Um abraço a todos do Vasco Joaquim - ex 1º cabo escriturário da CCS/B.Caç 2912
Caros Amigos:
Onde estava nesse dia já não me recordo, mas era sem dúvida na Guiné e ... sem televisão! Recordo, no entanto, um aerograma recebido da minha avó, que estava quase cega, e que dizia mais ou menos isto: Olha filho, sobre isso da chegada do homem à Lua, não te acedites porque, se assim fosse, já tinham caido aqui na terra muitos vidrinhos porque a lua é de vidro!
NOTA: a minha avó havia nascido ainda no séc. XIX...
Um abraço para todos do
Baixinho do Dulombi
Alfero victor David
Um abraço ao Victor David.

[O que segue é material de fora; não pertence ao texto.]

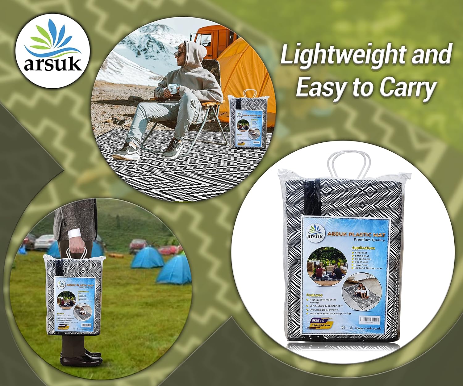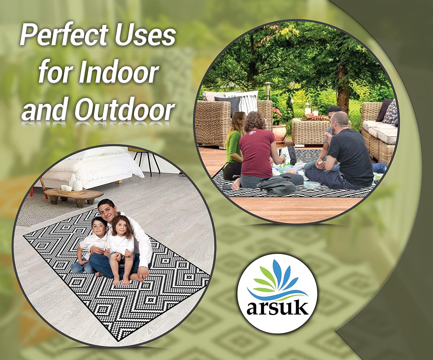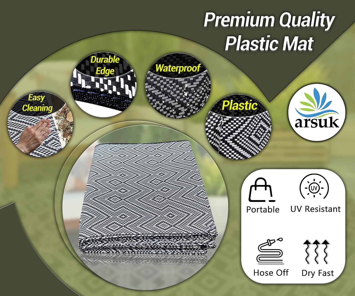 PORTABLE: Rugs are made of Plastic straw rug, Lightweight, can be rolled or folded into compact size for storage and are portable for camping or picnic

Ainda ontem passei pela página da tertúlia e pensei que já não havia noticias dele, pelo menos no blogue, há já bastante tempo.
Sobre a história que conta, a lua de vidro, ouvi no dia 20, numa rádio, o comentário sobre a empregada doméstica que um dos convidados tinha em casa dos pais.
A senhora nunca duvidou da ida á lua, tese que defendia com unhas e dentes e, melhor ainda, louvava o feito, já que tinha sido efectuado numa altura de Quarto Crescente, quando teria sido mais fácil uma aterragem em Lua Nova.
Abraços
José Martins
Manuel Vieira Moreira para eu
mostrar detalhes 21 Jul (Há 1 dia) Responder
Mensagem do Manuel Vieira Moreira, com data d2 21 de Julho de 2009, chegada à nossa Caixa de Correio:
Camarada e Amigo Luís Graça
Em 20 de Julho de 1969 já estava em casa, havia um mês e seis dias, regressado da Guiné pois cheguei a Lisboa no dia 13 de Junho, mas, no dia 20 de Julho de 1967 entrei no navio UIGE
e embarquei para a Guiné.
Um Abraço
Manel Moreira
Caros camaradas
Tendo estado de férias, comecei a fazer uma busca de tudo o que foi publicado na minha ausência e só agora aqui cheguei, como diz o Fausto na sua canção se não estou errado.
Pois neste dia ainda não era Cap Mil, se bem que já soubesse que daí a um mês, mais dia menos dia, teria de entrar nos corredores do Convento de Mafra, para preparar a minha "conversão".
Ainda estava em actividade profissional e recordo-me que me desloquei ao Concelho de Vila da Feira para, acompanhando o técnico que dava apoio aos agricultores dessas terras, visitar uns pomares.
Aqui a lua encontrava-se, praticamente toda visível (lua cheia) e nessa tarde perguntamos a uma anciã, que andava de enxada na mão a sachar uma leirita de milho:
Então o que nos diz de andar um homem na lua?
Olhou para ela, a lua, e para nós, com um ar de espanto e incrédula respondeu-nos:
Isso são tudo patranhas desses hereges que querem enganar os crentes!
Nem a ver na TV, a piedosa velhinha se convenceu.